Прежде чем уйти, Лиза, обернувшись ко мне, произносит тихим голосом (но почему сказанное тихим голосом звучит иногда так громко?):
– Если вы этого не сделаете, я вас возненавижу.
– Вот и любовное признание, – констатирую я. – Хоть и выраженное в негативной форме…
Топот дамских каблучков слышен в коридоре, затем на лестнице. Не легкий озорной топоток, позволяющий вообразить кокетство и грацию убегающей женщины, а чеканная поступь уверенной в себе статной дамы.
Топот кобылы – так, наверное, сказал бы я четырьмя месяцами раньше. Но четыре месяца срок немалый, и, сам не знаю почему, последнее время я делаюсь слишком снисходительным к этой женщине. До чего дошло – обсуждаю с нею служебные дела, дарю ей перстни. А она исцеляет мои раны, полученные по ее же вине, и вообще всячески меня спасает.
А должно быть наоборот. Мне надо было сказать ей тоном, не терпящим возражений: перестаньте вы наконец меня спасать. Чем больше вы меня спасаете, тем вернее засасывает меня болото ваших историй. Спасайте Владо.

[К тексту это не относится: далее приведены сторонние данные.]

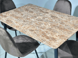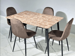Обеденный комплект MDS представляет собой стильное и практичное решение, сочетающее в себе элегантность мрамора и теплоту дерева. Прямоугольный стол размером 120 см×80 см обеспечивает комфортное пространство для четырех персон, делая его идеальным для ежедневных трапез и приема гостей. Дизайн и Материалы: Столешница выполнена из прочного высокоплотного МДФ с покрытием, имитирующим роскошный коричневый мрамор. Этот принт не только придает столу изысканный вид, но и делает его устойчивым к царапинам, влаге и высоким температурам. Контрастные ножки и каркас стола, а также каркасы стульев выполнены в глубоком темно-коричневом цвете с текстурой дерева. Это сочетание создает визуальный акцент и придает комплекту солидный и современный вид. Стулья (4 шт.) в комплекте идеально гармонируют со столом. Их устойчивый каркас в цвете темно-коричневого дерева обеспечивает надежность, а мягкие сиденья гарантируют удобство при длительном сидении. Комплект MDS – это долговечное, легкое в уходе и эстетически привлекательное дополнение к любому современному интерьеру.

Но она-то знает, что Владо не нуждается в ее заботах. Он нуждается кое в чем другом – в лучезарной ее улыбке, в пышных ее прелестях, только не в назиданиях. Этот человек – человек на своем месте и занимается общественно полезным трудом. А я… Чем я лучше Жоржа, пусть даже и суечусь в интеллектуальной сфере? Какая-то полукоммерческая-полуинкассаторская профессия, с той лишь разницей, что я не занимаюсь перепродажей импортных товаров, а сбываю собственные изделия и получаю за них кое-какие деньжонки, называемые гонорарами. Производим штучный товар и получаем за него, кто сколько даст.
Из глубины комнаты надвигается сумрак. Меня всегда занимал вопрос, почему сумрак идет из глубины комнат, хотя никакого специального источника сумрака там нет. Вероятно, он заводится в углах тем же таинственным образом, как заводились мыши в нестираном белье (по крайней мере, так считалось когда-то).

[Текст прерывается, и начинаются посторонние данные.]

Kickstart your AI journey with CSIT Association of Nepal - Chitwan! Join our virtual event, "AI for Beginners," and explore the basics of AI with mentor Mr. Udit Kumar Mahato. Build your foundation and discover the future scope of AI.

Не сказал бы, что раньше моя жизнь протекала бесцельно. Напротив, иногда мне хотелось воскликнуть: довольно, хватит, осточертело мне преследовать всякие цели – то я должен обзавестись квартирой, то найти себе работу получше, то раздобыть денег, чтобы жена хотя бы на месяц убралась с моих глаз на Золотые пески. Проза жизни, но куда от нее денешься? И если ты вечно в заботах, вечно в долгах – моральных и материальных, – нечего удивляться, что времени для достижения более возвышенных целей (связанных, к примеру, с судьбами человечества) у тебя не остается вовсе.

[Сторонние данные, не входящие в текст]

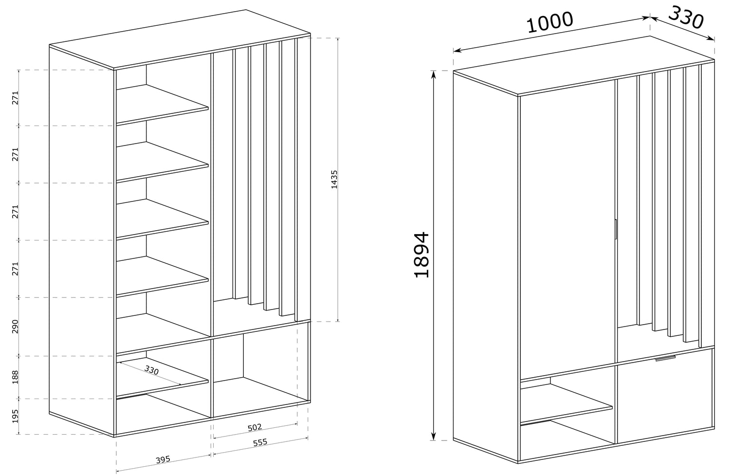 100 × 189 × 33 cm (szer. / wys. / gł.)

Старый дом притих, в комнате у меня сгустился мрак, вот-вот я бессознательно пойду блуждать в лесных чащобах моих сновидений. Скорее бы погрузиться в забытье, но леса все еще не видно, ум продолжает копошиться в реальности, мысленно я даже заглядываю вниз, к Несси, который, укрывшись шинелью, дремлет с утренней газетой в руках, или к Димову, который лежит в постели, закутанный, словно мумия, вытянувшийся, как будто бедняга заранее решил отработать позу, отвечающую грядущему дню – дню печальному и торжественному… Но пока еще он жив, и пока еще он сокрушается, как много не сделано и как мало осталось жить, и успеть ничего невозможно, ибо все опутано, словно паутиной, причинами и следствиями, и никто не скажет, где их начало и где конец… Затем ни с того ни с сего я снова вспоминаю Лизу, а заодно инженера Илиева; должно быть, они сейчас в каком-нибудь ресторане – сидят себе, воркуют, обсуждают волнующую тему: как мы устроим свою жизнь, когда поженимся. Как-нибудь устроитесь, говорю я, могу даже чулан вам уступить, чтоб было куда Петьо поместить, с Петьо мы как-нибудь найдем общий язык, вот только комнату вам уступить не смогу – не потому, что она мне так уж нужна, но, согласитесь, было бы бесчеловечно покинуть своего старого друга – орех. Нет, орех я вам не отдам.
Вы можете считать меня скрягой пли даже сумасшедшим, но орех мне очень дорог. Даже сейчас, когда облетела листва и он стоит совсем голый, он все равно живой, одухотворенный – только поглядите, как он распростер и тянет кверху ветви, словно держа в объятиях весь небосвод… Отдать вам орех? Нет уж, дудки!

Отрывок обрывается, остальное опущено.